By ByteBot
Google’s Jetpack Compose December 2025 release (BOM 2025.12.00) delivers the performance milestone Android developers have been waiting for: Compose now matches the performance you would see if using Views, according to internal scroll benchmarks. This achievement closes a three-year debate and eliminates the last major technical objection to Compose adoption. The “Compose is slow” argument is over.
Performance Parity Achieved After Three-Year Journey
The December release marks a turning point for Android UI development. Google’s official announcement doesn’t hedge: Compose now matches Views performance in internal scroll benchmarks, with scroll jank reduced to just 0.2% during long scrolling tests. For context, that’s the metric developers cite when arguing Views are faster than Compose—and it no longer applies.

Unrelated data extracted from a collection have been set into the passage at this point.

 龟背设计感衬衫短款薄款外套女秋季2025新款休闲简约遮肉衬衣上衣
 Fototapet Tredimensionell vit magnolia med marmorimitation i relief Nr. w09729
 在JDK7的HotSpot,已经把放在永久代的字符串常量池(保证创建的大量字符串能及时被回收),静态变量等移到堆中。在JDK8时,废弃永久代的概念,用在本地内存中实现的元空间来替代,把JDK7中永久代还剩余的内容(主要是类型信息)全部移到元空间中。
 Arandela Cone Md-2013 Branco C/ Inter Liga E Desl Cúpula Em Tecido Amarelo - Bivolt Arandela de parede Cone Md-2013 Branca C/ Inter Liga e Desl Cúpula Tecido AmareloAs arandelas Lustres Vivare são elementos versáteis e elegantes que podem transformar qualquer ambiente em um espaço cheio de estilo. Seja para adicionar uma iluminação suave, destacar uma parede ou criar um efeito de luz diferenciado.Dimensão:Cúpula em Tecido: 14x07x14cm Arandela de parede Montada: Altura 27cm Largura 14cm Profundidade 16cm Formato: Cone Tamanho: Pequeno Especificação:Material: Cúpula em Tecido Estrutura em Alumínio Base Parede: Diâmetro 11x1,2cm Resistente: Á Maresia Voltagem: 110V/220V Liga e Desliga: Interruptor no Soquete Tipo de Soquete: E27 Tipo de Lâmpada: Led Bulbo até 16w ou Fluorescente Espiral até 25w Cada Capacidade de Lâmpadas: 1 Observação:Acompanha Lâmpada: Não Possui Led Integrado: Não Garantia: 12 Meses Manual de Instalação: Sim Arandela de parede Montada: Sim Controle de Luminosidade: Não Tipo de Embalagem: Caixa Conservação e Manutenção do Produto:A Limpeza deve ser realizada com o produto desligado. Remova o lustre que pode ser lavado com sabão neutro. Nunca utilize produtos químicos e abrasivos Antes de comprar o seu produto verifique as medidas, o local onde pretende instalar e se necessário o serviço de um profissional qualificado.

This milestone didn’t happen overnight. Since Compose 1.0 launched in 2021, the Android team has systematically addressed performance bottlenecks through runtime optimizations, compiler improvements, and architectural changes. The December 2025 release (Compose 1.10) represents the culmination of that work. Performance parity isn’t a claim anymore; it’s measured reality.

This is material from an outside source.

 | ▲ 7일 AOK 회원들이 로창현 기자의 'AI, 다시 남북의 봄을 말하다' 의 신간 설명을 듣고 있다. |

What changed? Pausable composition is now enabled by default in lazy prefetch—the technical breakthrough that makes this possible.
How Pausable Composition Eliminates Frame Drops
Pausable composition is a fundamental change to how the Compose runtime schedules work. Previously, once a composition started, it had to run to completion. If you had complex UI—nested composables, heavy calculations, large lists—that work could block the main thread longer than a single frame budget (16.67ms at 60fps). Result: dropped frames, janky scrolling, frustrated users.
The new behavior is smarter. The runtime now monitors frame time budgets and can “pause” composition work if it’s running out of time, then resume in the next frame. This prevents any single composition from monopolizing the main thread. Combined with the CacheWindow APIs introduced in Compose 1.9, which control how many items lazy layouts prefetch, developers get smoother scrolling without manual optimization.
Additional improvements stack on top. Background text prefetching offloads text measurement to background threads using LocalBackgroundTextMeasurementExecutor, warming caches without blocking UI. Modifier optimizations to Modifier.onPlaced and Modifier.onVisibilityChanged reduce overhead. Google’s performance deep-dive details the technical approach, but the developer experience is the point: Compose just got faster, and you didn’t have to change your code.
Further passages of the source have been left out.